A l@s individu@s, grupos, colectivos y organizaciones de las Redes de Apoyo al CIG:
A la Sexta Nacional e Internacional:
Considerando que:
Primero y único:
La Gran Final.
Llega usted al gran estadio. “Monumental”, “coloso”, “maravilla arquitectónica”, “el gigante de concreto”, calificativos parecidos se repiten en las voces de los locutores que, a pesar de las distintas realidades que describen, coinciden en resaltar la soberbia construcción.
Para llegar a la grandiosa edificación, usted ha tenido que sortear escombros, cadáveres, suciedad. Cuentan quienes más años cuentan, que no siempre fue así; que antes, en torno a la gran sede deportiva, se levantaban casas, barrios, comercios, edificios, ríos y arroyos de gente que uno esquivaba hasta casi toparse de narices con el gigantesco portón, que sólo se abría cada tanto tiempo, y en cuyo dintel se leía: “Bienvenido al Juego Supremo”. Sí, “bienvenido”, en masculino, como si lo que ocurriera dentro fuera cosa sólo de varones; como antes los sanitarios, las cantinas, la sección de máquinas y herramientas de las tiendas especializadas… y, claro, el futbol.

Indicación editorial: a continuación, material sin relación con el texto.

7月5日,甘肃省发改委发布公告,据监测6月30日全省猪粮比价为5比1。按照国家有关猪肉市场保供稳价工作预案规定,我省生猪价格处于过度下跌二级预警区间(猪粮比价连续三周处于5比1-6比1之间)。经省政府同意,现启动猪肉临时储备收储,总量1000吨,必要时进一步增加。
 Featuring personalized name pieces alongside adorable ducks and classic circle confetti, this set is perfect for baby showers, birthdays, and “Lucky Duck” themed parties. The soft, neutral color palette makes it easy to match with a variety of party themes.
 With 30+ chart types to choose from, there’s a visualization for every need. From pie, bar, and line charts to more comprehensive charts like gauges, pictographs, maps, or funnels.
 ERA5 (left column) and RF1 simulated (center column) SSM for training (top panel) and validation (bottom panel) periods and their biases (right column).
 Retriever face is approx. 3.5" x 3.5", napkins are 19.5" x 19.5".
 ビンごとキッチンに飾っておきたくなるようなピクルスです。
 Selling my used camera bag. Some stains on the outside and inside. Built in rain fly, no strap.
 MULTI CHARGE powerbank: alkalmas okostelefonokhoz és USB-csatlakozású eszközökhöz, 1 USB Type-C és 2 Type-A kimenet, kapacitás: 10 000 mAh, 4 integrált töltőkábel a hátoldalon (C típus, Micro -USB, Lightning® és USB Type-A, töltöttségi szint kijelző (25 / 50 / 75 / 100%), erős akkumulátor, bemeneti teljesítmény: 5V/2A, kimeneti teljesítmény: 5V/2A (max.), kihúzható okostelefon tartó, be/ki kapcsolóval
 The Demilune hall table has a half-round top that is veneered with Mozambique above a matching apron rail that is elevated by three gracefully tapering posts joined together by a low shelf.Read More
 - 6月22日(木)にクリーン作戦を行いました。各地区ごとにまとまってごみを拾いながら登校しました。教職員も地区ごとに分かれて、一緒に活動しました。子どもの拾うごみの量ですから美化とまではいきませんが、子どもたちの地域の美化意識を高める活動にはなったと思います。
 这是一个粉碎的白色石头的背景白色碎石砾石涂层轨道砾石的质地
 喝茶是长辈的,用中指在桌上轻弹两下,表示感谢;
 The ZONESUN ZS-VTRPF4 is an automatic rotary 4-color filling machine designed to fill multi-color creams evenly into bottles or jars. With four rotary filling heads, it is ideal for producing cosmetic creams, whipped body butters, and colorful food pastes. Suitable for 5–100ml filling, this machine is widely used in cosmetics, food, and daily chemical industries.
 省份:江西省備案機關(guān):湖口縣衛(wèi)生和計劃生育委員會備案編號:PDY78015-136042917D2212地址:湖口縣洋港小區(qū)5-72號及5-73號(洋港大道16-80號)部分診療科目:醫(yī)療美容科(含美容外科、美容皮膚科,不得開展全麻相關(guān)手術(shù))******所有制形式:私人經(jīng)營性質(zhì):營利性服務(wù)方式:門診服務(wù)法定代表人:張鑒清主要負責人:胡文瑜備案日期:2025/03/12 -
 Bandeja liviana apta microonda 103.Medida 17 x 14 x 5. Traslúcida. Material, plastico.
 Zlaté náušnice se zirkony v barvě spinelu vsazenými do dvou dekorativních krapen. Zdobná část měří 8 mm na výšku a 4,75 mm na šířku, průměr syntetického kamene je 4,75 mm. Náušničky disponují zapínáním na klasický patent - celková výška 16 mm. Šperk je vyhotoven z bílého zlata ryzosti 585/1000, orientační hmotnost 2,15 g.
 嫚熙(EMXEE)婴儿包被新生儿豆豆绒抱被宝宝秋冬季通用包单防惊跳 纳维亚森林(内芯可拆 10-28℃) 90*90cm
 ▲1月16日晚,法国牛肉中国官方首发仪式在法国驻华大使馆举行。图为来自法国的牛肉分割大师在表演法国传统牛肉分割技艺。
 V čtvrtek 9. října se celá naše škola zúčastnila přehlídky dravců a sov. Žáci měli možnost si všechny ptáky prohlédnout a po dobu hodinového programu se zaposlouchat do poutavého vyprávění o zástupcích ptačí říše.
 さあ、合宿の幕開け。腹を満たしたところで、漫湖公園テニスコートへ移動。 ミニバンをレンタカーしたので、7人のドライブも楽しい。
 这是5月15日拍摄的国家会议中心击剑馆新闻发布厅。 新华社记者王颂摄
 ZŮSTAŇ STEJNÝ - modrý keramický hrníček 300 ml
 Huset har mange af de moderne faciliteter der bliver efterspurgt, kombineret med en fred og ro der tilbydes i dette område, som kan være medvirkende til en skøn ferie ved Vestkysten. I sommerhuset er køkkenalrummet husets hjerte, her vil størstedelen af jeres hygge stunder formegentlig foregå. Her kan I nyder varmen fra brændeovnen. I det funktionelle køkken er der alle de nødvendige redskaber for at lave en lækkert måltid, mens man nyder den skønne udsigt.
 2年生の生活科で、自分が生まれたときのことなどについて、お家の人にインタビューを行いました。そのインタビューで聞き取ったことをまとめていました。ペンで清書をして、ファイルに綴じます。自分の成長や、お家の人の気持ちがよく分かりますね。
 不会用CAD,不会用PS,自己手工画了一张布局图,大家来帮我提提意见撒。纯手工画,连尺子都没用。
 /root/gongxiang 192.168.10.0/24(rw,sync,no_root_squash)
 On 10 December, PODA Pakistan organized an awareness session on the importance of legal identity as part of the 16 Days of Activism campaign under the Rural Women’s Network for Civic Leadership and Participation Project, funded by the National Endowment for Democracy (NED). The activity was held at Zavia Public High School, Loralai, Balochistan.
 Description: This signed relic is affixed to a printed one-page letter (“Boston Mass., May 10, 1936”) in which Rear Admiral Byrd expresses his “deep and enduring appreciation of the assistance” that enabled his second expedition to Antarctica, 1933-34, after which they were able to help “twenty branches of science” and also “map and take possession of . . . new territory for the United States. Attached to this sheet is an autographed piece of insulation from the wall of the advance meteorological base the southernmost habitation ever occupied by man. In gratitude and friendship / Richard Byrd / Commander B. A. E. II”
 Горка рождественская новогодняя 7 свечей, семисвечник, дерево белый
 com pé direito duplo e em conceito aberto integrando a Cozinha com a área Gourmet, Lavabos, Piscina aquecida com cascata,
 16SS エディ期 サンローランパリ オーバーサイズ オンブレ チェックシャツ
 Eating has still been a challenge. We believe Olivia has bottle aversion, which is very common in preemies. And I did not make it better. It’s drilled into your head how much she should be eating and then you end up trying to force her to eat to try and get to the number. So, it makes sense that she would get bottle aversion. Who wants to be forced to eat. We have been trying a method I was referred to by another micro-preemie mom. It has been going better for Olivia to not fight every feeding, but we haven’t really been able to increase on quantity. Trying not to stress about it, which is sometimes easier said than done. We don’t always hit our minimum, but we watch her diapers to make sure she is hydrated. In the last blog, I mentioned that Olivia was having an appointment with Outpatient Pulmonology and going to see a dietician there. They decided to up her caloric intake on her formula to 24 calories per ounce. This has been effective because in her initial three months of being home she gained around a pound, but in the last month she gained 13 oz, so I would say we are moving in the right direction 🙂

Pero, a vuelo de pájaro, la imagen vista bien podría ser un símil de un universo contrayéndose, dejando en su periferia muerte y destrucción. Sí, como si el Gran Estadio fuera el hoyo negro que absorbe la vida a su alrededor y que, aún insaciable, eructa y defeca cuerpos sin vida, sangre, mierda.
Desde cierta distancia, se puede apreciar el inmueble en su totalidad. Aunque ahora sus erróneas disposiciones arquitectónicas, sus fallas estructurales en cimientos y edificaciones, sus cambiantes decoraciones al gusto del equipo ganador en turno, aparecen cubiertas por una tramoya que abunda en llamados a la unidad, la fe, la esperanza y, claro, la caridad. Como si se ratificara así esa semejanza entre cultos religiosos, políticos y deportivos.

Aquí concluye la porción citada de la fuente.